History 477

Devine

Spring 2013

 

Neil Harris, Humbug: The Art of P.T. Barnum

 

Chapter 3, “The Operational Aesthetic”

 

  1. Why did antebellum Americans – who European visitors considered hard-headed and skeptical – seem so susceptible to hoaxes such as Joice Heth and the Fiji Mermaid?  According to the author, why did Americans’ skepticism and pride in their technological acumen make them all the more susceptible to such hoaxes?

 

  1. How did the democratic, egalitarian political culture of Jacksonian America facilitate Americans’ willingness to believe in hoaxes?

 

  1. How did Americans’ reading preferences reflect their infatuation with technology and science?

 

  1. How did Barnum capitalize on Americans’ interest in hoaxes?  Why were his advertising techniques especially effective at luring customers to his attractions?

 

  1. Why does the author argue that American audiences preferred to focus on unmasking hoaxes rather than contemplating works of art?

 

  1. How did Barnum redefine what constituted “good” art?  How was his definition somewhat related to the Transcendentalists’ notions of “good” art?

 

  1. What does the author mean by the term “operational aesthetic”?

 

  1. How were deception, exposure, and even conspiracy related?  Why were all equally fascinating to American audiences?

 

  1. Why was the South less enamored with both Barnum and the operational aesthetic? 

 

  1. Why was the fiction of Harriet Beecher Stowe and especially Edgar Allen Poe popular with antebellum Americans?  How does this popularity relate to the operational aesthetic?

 

  1. Why did Barnum believe that in appealing to American audiences, “perfection and absolute conviction in exhibits made them less valuable” (89)?

 

Chapter 8 “The Man of Confidence”

 

  1. What kinds of messages does Barnum convey to readers in the early chapters of his autobiography?

 

  1. How do the early chapters reflect Barnum’s fascination with the gap between the real and the apparent? 

 

  1. What were some of the characteristics of the “Yankee” of Barnum’s day?  What did the Yankee’s critics say about him?

 

  1. According to the author, how did Barnum want his readers to see him?  What evidence does the author give to support his argument?

 

  1. Why was Barnum ambivalent or even dubious about the very “Yankee” qualities that had made him rich?

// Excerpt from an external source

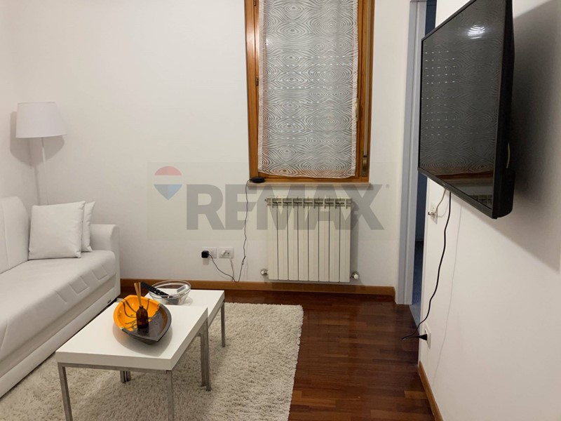 L'ingresso si apre su un soggiorno arredato, che gode di un'ottima esposizione solare grazie alle ampie finestre presenti.
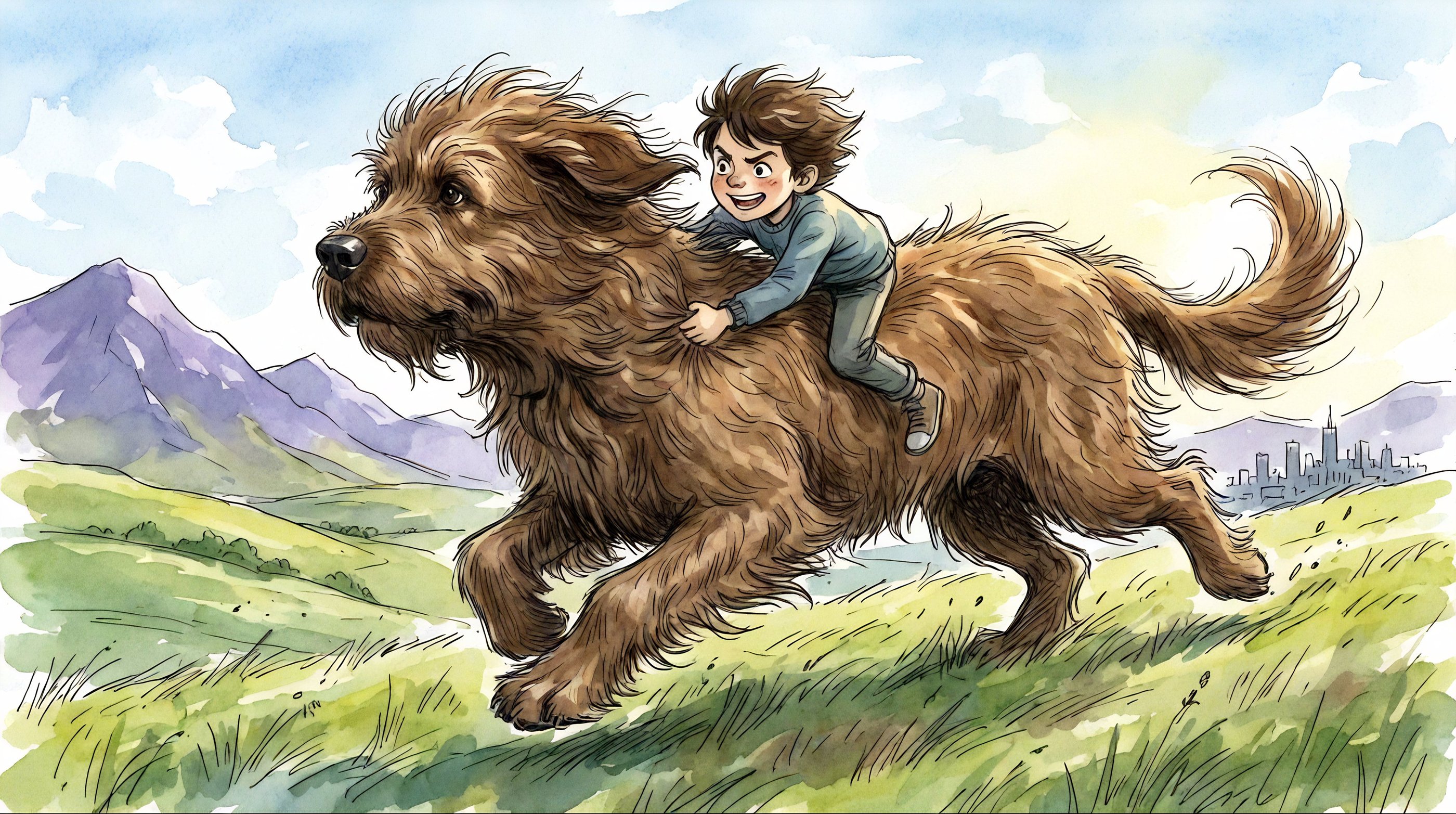 When Finn's mother falls ill, his older brothers are too frightened to help. Finn, small but determined, sets off alone to find the healing spring hidden deep in the Green Glen. At the edge of the city, he meets an enormous Brown Dog: shaggy, wild, and frightening. His knees are shaking. But he keeps going.

Why did he believe that “the greatest humbug of all was the man who believed everything and everyone to be humbug”? (217)

 

  1. How did Barnum define “humbug”?  Why did Barnum defend illusion and exaggeration?  What good purpose did such things serve?

 

  1. Why might the existence of successful “confidence men” be an indication of a healthy society?

 

  1. What explains the virulent negative reaction to Barnum and his autobiography among British commentators?

 

  1. Why does the author believe Barnum’s attitude about entertainment and toward his audience was more democratic than that of his British critics?

 

  1. Why did Barnum become a hero to an antebellum American society that, according to the author, “worshipped both equality and achievement”? Why did Americans accept Barnum as both a trickster and a moralist?